42 Ga. 389 | Ga. | 1871
Assuming the facts stated in this bill to be true, (as we must in deciding upon the demurrer,) one cannot escape the conclusion that the machinery of the law has been used to give to the defendant an unfair advantage in the contest for this land. He had, by the filing of his bill, necessarily admitted the complainant not to be an intruder, since an intruder is one who does not, in good faith, claim the possession. The Chancellor, by dissolving the injunction, had recognized the bona fides of the then defendant in his claim of the possession, and we are not sure that, until that order, passed with both the parties before him, was in some way discharged, it was not a contempt of the Chancellor to oust the possessor by the summary process resorted to.

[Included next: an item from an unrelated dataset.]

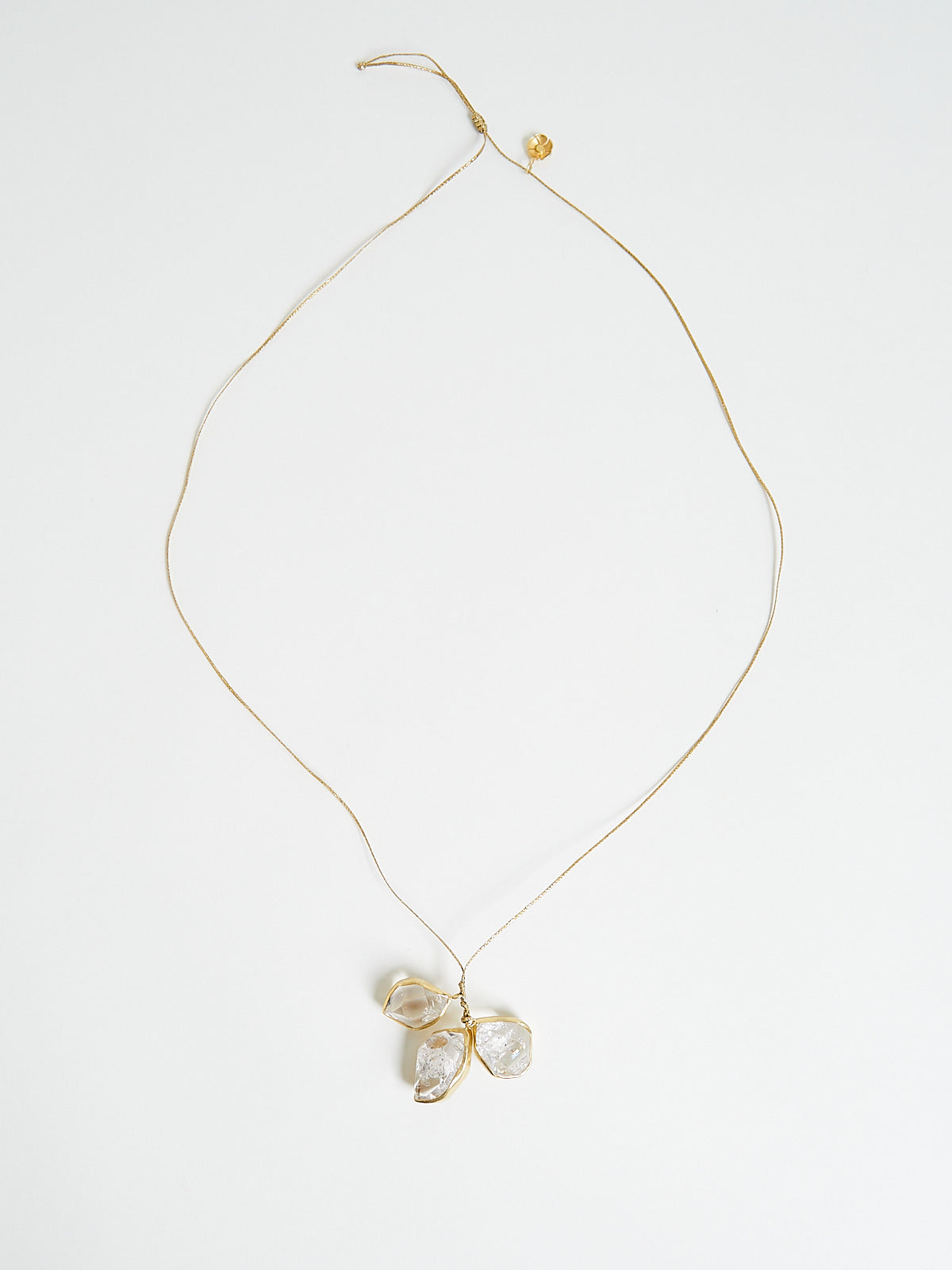 Herkimer Triple Colette with 18k Yellow Gold Flower Beria Necklace on Cord

Section 4131 of the Code, whilst it allows the dismissal of a bill in vacation, expressly provides that this shall not be done so as to prejudice any right of the defendant. The defendant was, by the Judge’s order, permitted to go on with the cultivation of the land, and this, after a hearing of the several claims of the parties. It smacks very strongly of contempt of this order, passed in a proceeding, at the suggestion of the then complainant, to dismiss his suit, take out the intruder’s warrant, and seize the opportunity of the temporary absence, from the county, of the landlord, to pounce upon the ignorant and careless tenant, and by hoeus poeus, get the possession.
What the truth of the case may be we know not. We only say that, under the charges in the bill, it was a case for equitable interposition, under the power of the Court, to prevent the evasion of its own orders, and we think the demurrer ought to have been overruled.